1

If I open a signed PDF in GNOME Papers (the new Document Viewer in 25.04) it shows me a banner Document has been digitally signed and the button View Signature.... When I click the button I get a modal window with the signature details. It says:

  • Signature is valid.
  • Signed with a certificate issued by unknown issuer.

This certificate is issued by one of EU countries’ recognized certification center. I have the country’s root certificate in PEM .crt format and a bunch of intermediate certificates for the CAs. The certificate signed the document in question has been issued by one of these CAs.

I want to install the root country certificate (and CAs to have the full chain if AIA doesn’t work) in a way, so it could be used only to verify documents (code signing) and emails (s/mime).

In Fedora I could use trust anchor and throw in a couple of p11-kit files to do exactly that. In Debian tho trust is compiled in a read-only mode and update-ca-certificates ignores any p11-kit settings.

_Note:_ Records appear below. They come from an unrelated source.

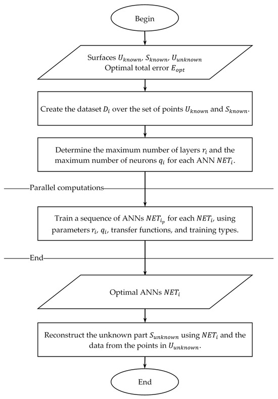 Our proposed algorithm is based on the assumption that it is possible to find a continuous mapping of the -dimensional domain , into points on the geometric locus of the -dimensional hypersurface , i.e., . To search for the analytical representation of the mapping , using its three coordinate functions, we employ ANNs. The training of the ANNs is conducted on a dataset formed from points of the known surfaces and . The reconstruction of the unknown part is carried out through approximation, using the created ANNs and the data for points from .
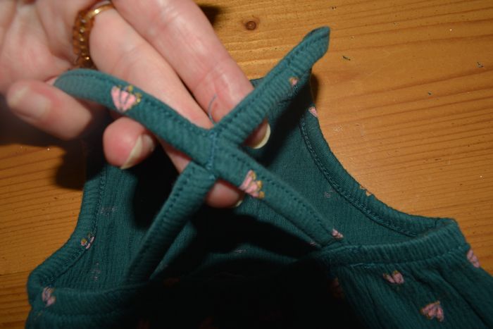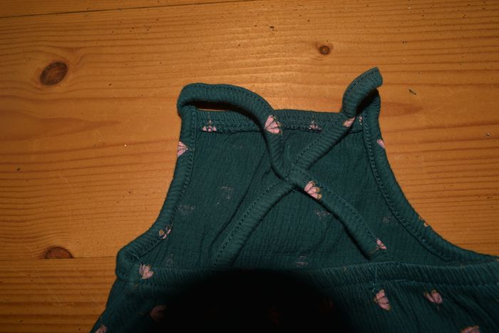 combinaison à bretelles verte dessin rose doré. bretelles dos croisée et cousue.
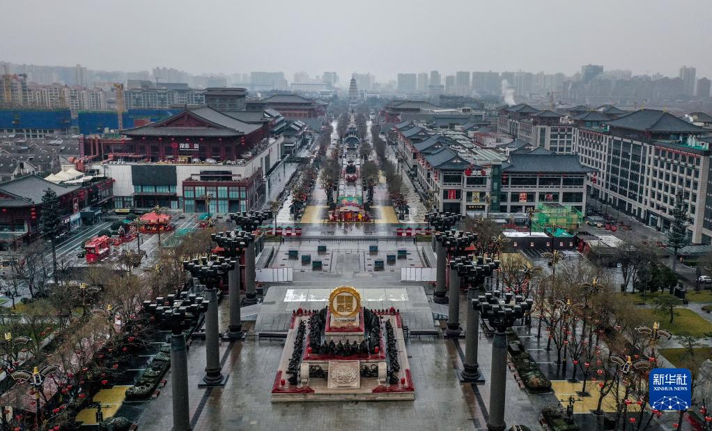 12月25日,封閉后的西安市大唐不夜城一片寧靜(無人機照片)。
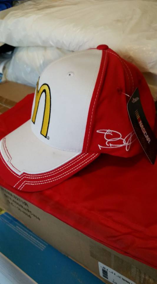 Jamie McMurray #1 Mc Donald's new red and white ball cap by CFS. Has a rear adjustable velchro strap with NASCAR on it. Jamie's signature on one side and the #1 on the other side. Only one left..buy it now
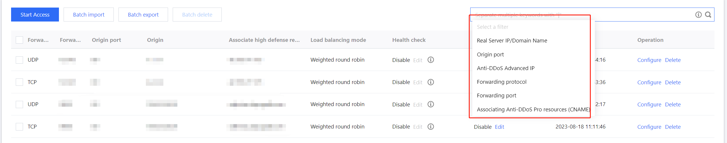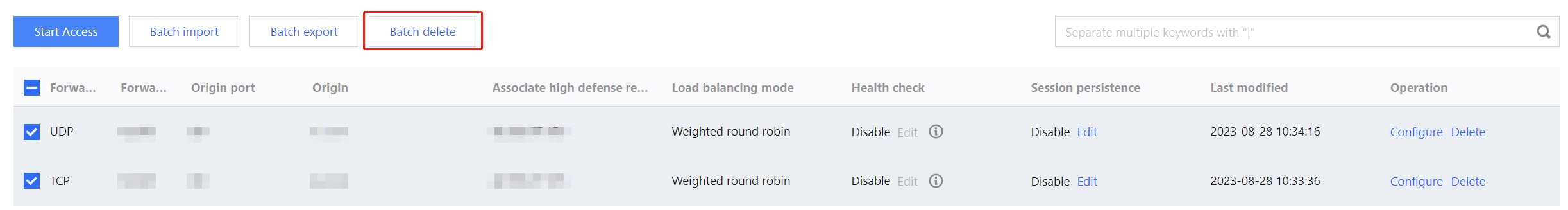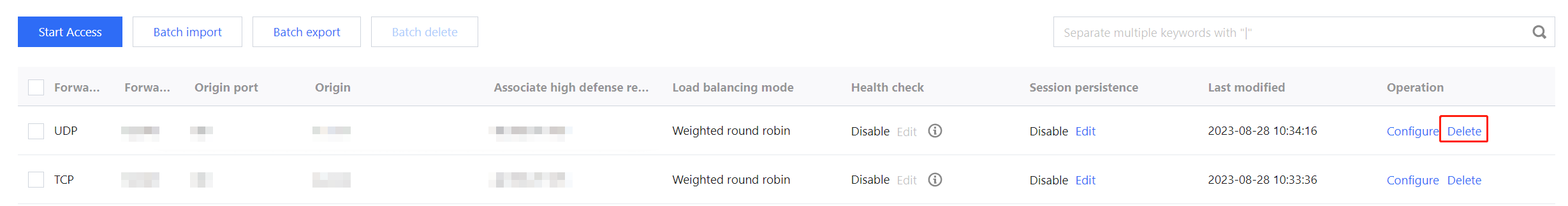 On the Access via port page, enter a real server IP/domain name, real server port, forwarding protocol, forwarding port, or an associated instance or associated CNAME resource in the search box. Deleting a rule
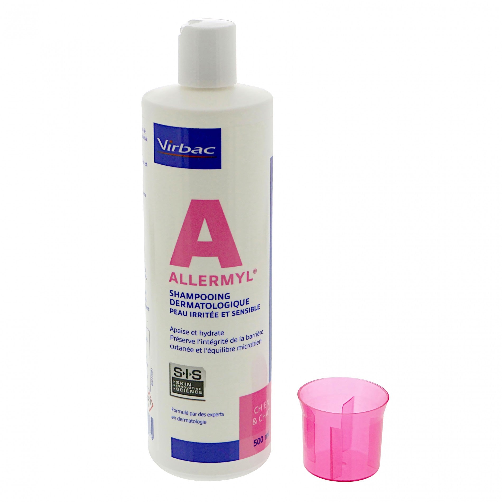 Le shampooing Allermyl de Virbac nettoie la peau, et est spécialement conçu pour le chien et le chat qui souffre d'un déséquilibre de la barrière cutanée, de démangeaisons, de peau sensible...
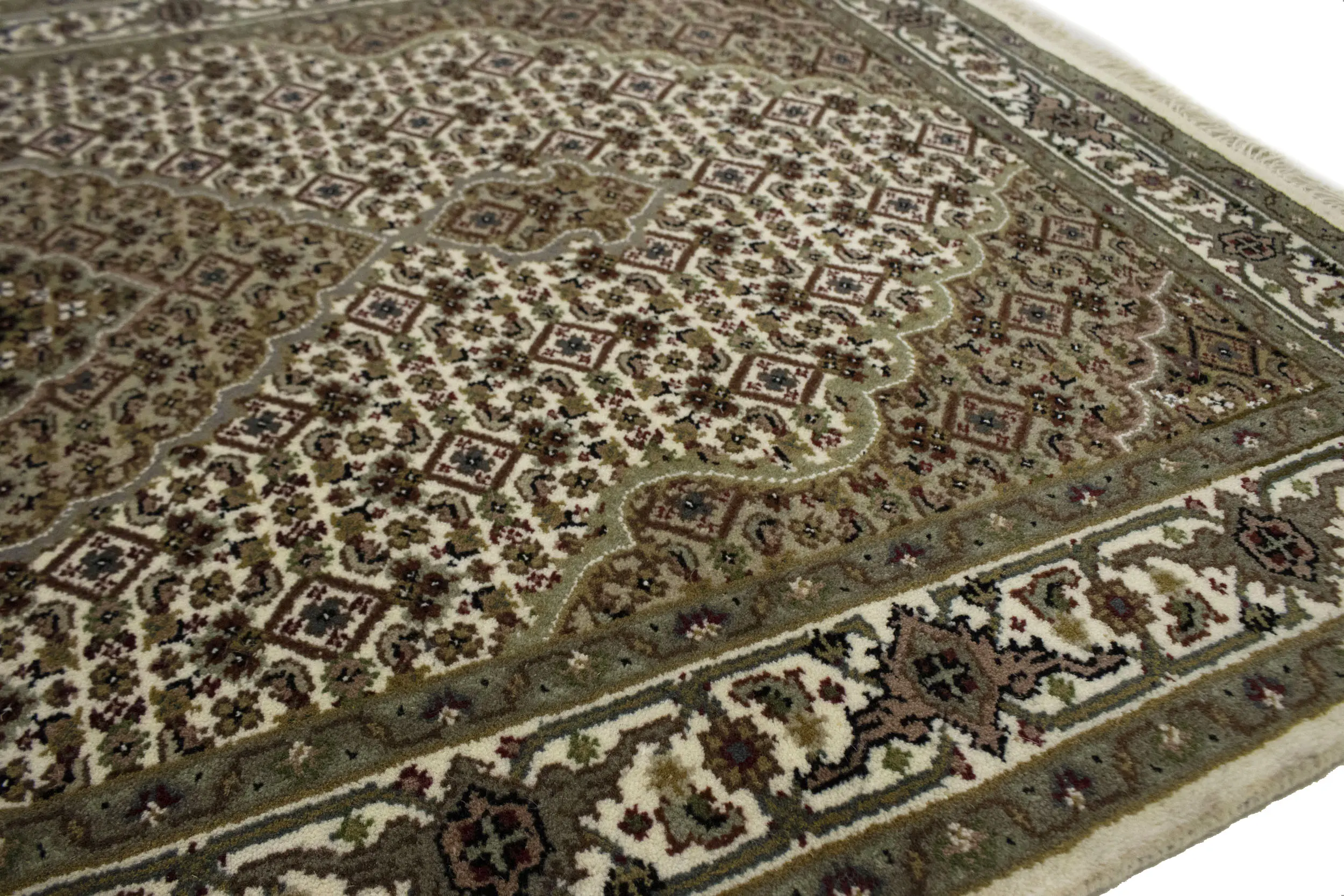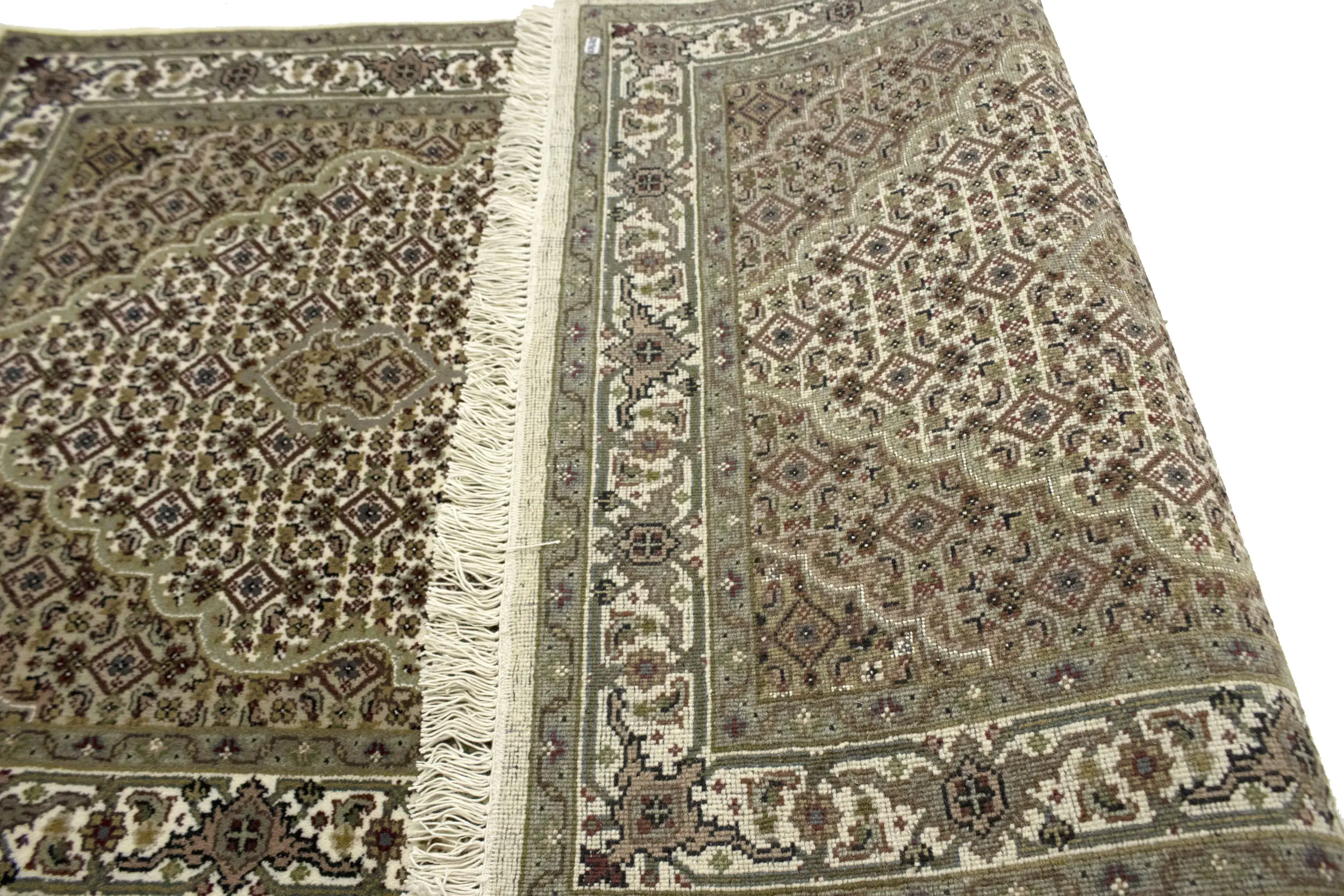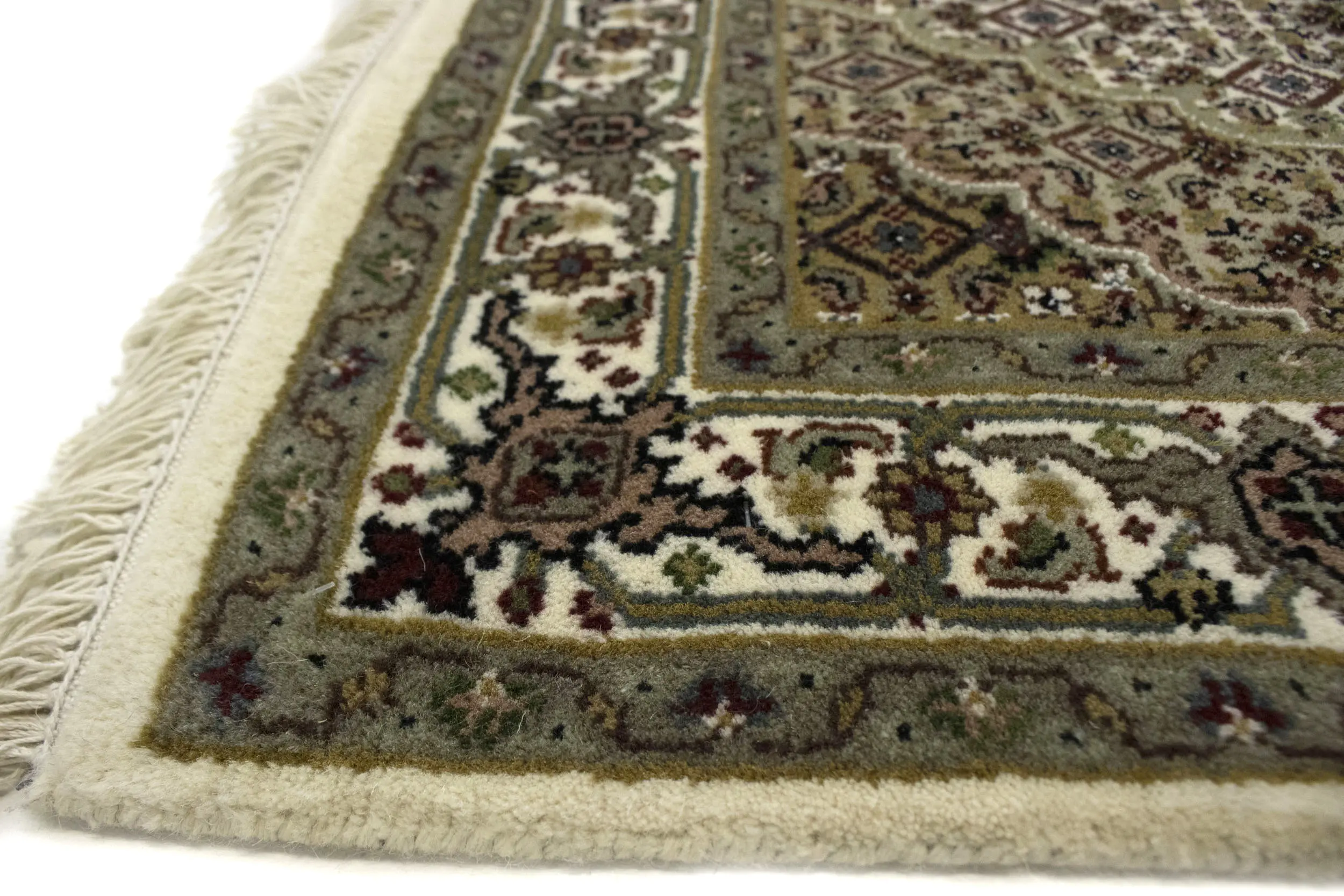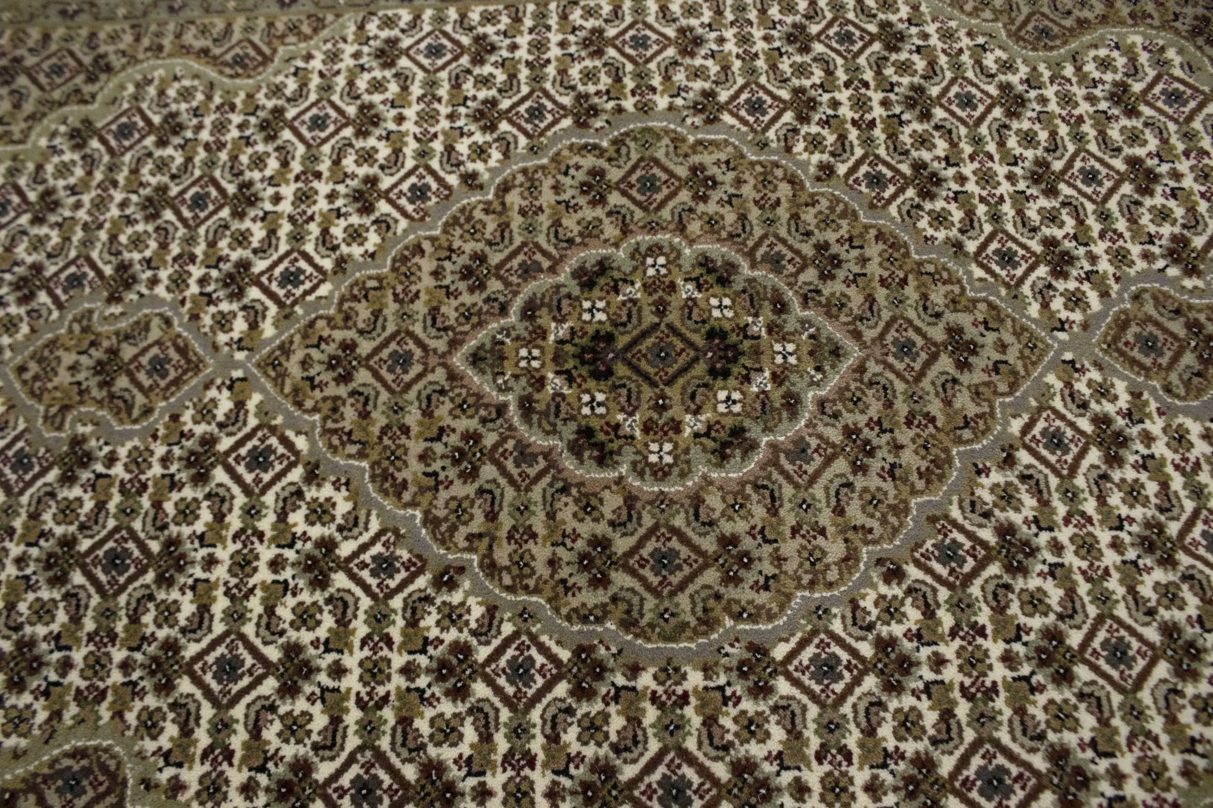 This authentic 3X5 cream new Oriental rug was crafted by the hands of skilled weavers enthused by a variety of lovely artistic designs, to recreate the aged look of the unique piece with a richness of color and beautifully elaborated background field. What set this vintage style Oriental area rug from the others are the material and dye used (wool pile and cotton foundation), knot count, ancient designs, fantastic grades, and its regional historical connection: it has deep roots, from the story of the people who produced it to the meaning of the symbols and colors displayed across its canvas that have been praised for centuries. This Indian home décor carpet will be completely cozy and inviting that never will go out of style! Also, this Oriental rug would be among your most valuable treasures, it is a great investment that increase in value over time, and it will last for generations because was woven with high-quality, all-natural wool. Environmentally friendly, opulent yet affordable; this rug/runner will give you a thorough amount of character to help define your living space with sophistication and warmth that will capture the eyes and attention of your audience (homeowners, designers, decorators, family and friends). OT-2443

In macOS (and probably on Windows) it is a matter of several click on UI. In Ubuntu it looks like it is impossible and I have to trust the installed certificate for everything. Which seems unreasonable to me while having some many digital documents these days.

2

You can install the country root certificate and intermediaries specifically for document and email signature verification, like an S/MIME certificate by placing them in a custom NSS database used by apps like GNOME Papers. Run certutil -A to import the certs with appropriate trust flags (e.g., C, C,C, for client/email/code signing). Unfortunately, Ubuntu doesn’t separate trust roles easily via update-ca-certificates, but using a dedicated NSS database gives you fine control without globally trusting the certs.

3

Will I need to point every app (like Papers) to this custom db via an env variable?

4

I’ve just tried to add the certificates via Firefox UI and now I get - Certificate Validation: Certificate is Trusted. from pdfsign, but Papers still say an unknown issuer.